The main benefits of infrastructure come from marketing of inputs and outputs. Market orientation has increased over time more in developed than in other villages. For example, the share of marketed paddy and other crops in developed villages surpasses that of underdeveloped ones. The reason may be that factors fuelling distress sales have weakened in developed villages possibly due to infrastructural development.

 

An interaction of electricity and non-farm worker shows that the variable is highly significant in explaining variations in non-farm income.

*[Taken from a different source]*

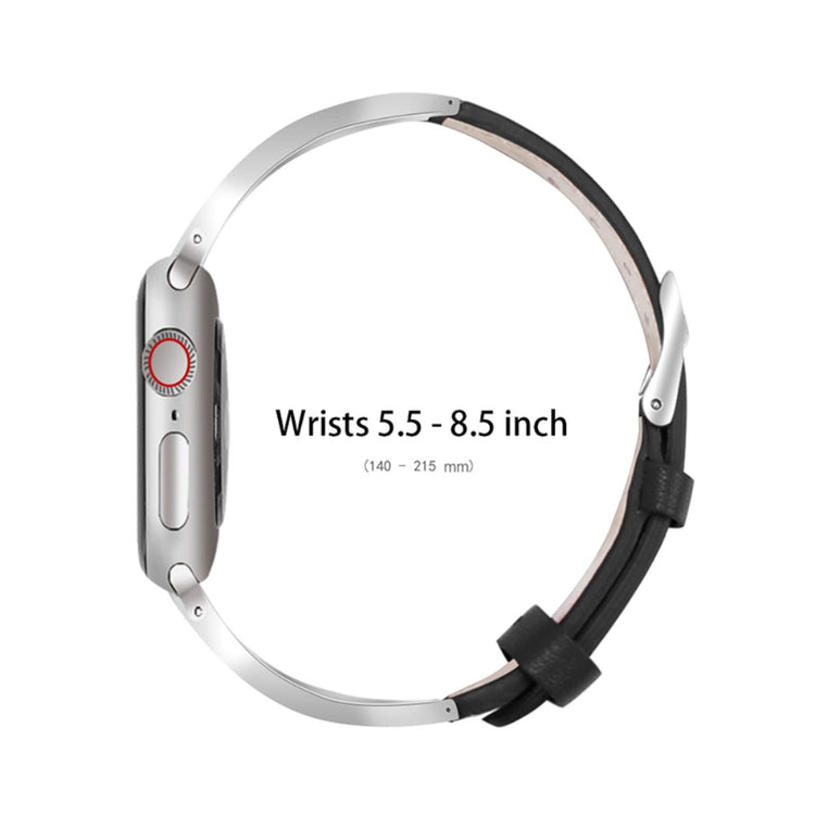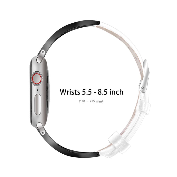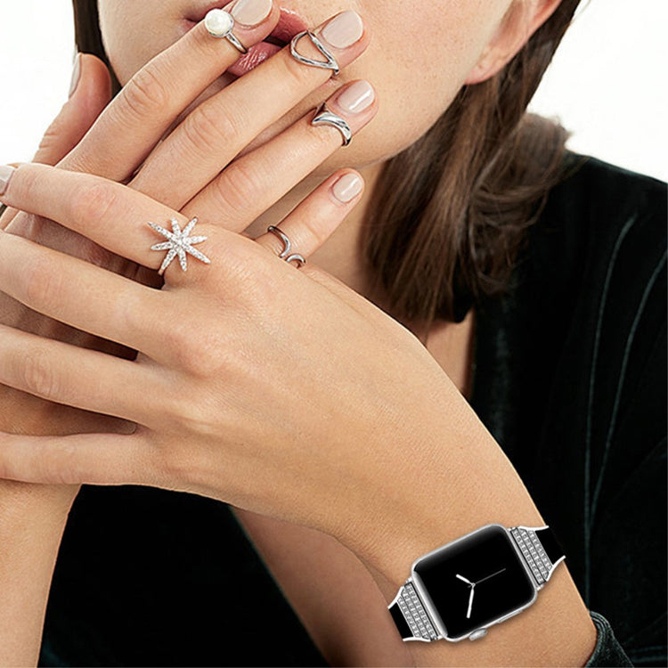 Entscheiden Sie sich für unser hochwertiges Uhrenarmband aus Keramik, Edelstahl und echtem Leder, das speziell für die Apple Watch Series 9 / 8 / 7 und Modelle der Series 6, 5, 4, SE (2023 und 2022), 3, 2 und 1 entwickelt wurde. Dieses Armband bietet nicht nur eine langlebige und komfortable Trageerfahrung, sondern beeindruckt auch durch ein funkelndes Design mit Strasssteinen, das Ihnen einen luxuriösen Look verleiht. Die individuelle Größenanpassung sorgt dafür, dass das Armband perfekt an Ihr Handgelenk angepasst werden kann, egal ob Sie ein kleines oder großes Handgelenk haben. Dieses Armband ist die ideale Alternative für Ihr altes oder beschädigtes Armband und bringt frischen Wind in Ihr Zubehör. Mit einer Armbandlänge von 160 mm eignet es sich perfekt für Handgelenke mit einem Umfang von 5,5 bis 8,5 Zoll. Investieren Sie in Stil und Komfort – mit unserem exquisiten Uhrenarmband sind Sie immer bestens ausgestattet.

It means that access to electricity enhances productivity of rural non-farm workers and, thus, contributes to increased income. The estimated elasticity on this count is observed to be 0.17, implying that there occurs a rise of income by 17 per cent following the availability of electricity. Similarly, interaction between roads and non-farm workers also has positive impact on income and as per the elasticity coefficient, the income rises by 6 per cent due to access to roads. Overall, access to electricity and roads tend to increase household income by 23 per cent.

 

Access to quality roads and electricity (or to any of them) is likely to have positive impact on non-farm income of households. The policy implication is obvious: the government should invest in rural infrastructure, especially in construction of roads and providing electricity with a view to raising the income levels of rural households.

 

The writer is a former Professor of Economics at Jahangirnagar University.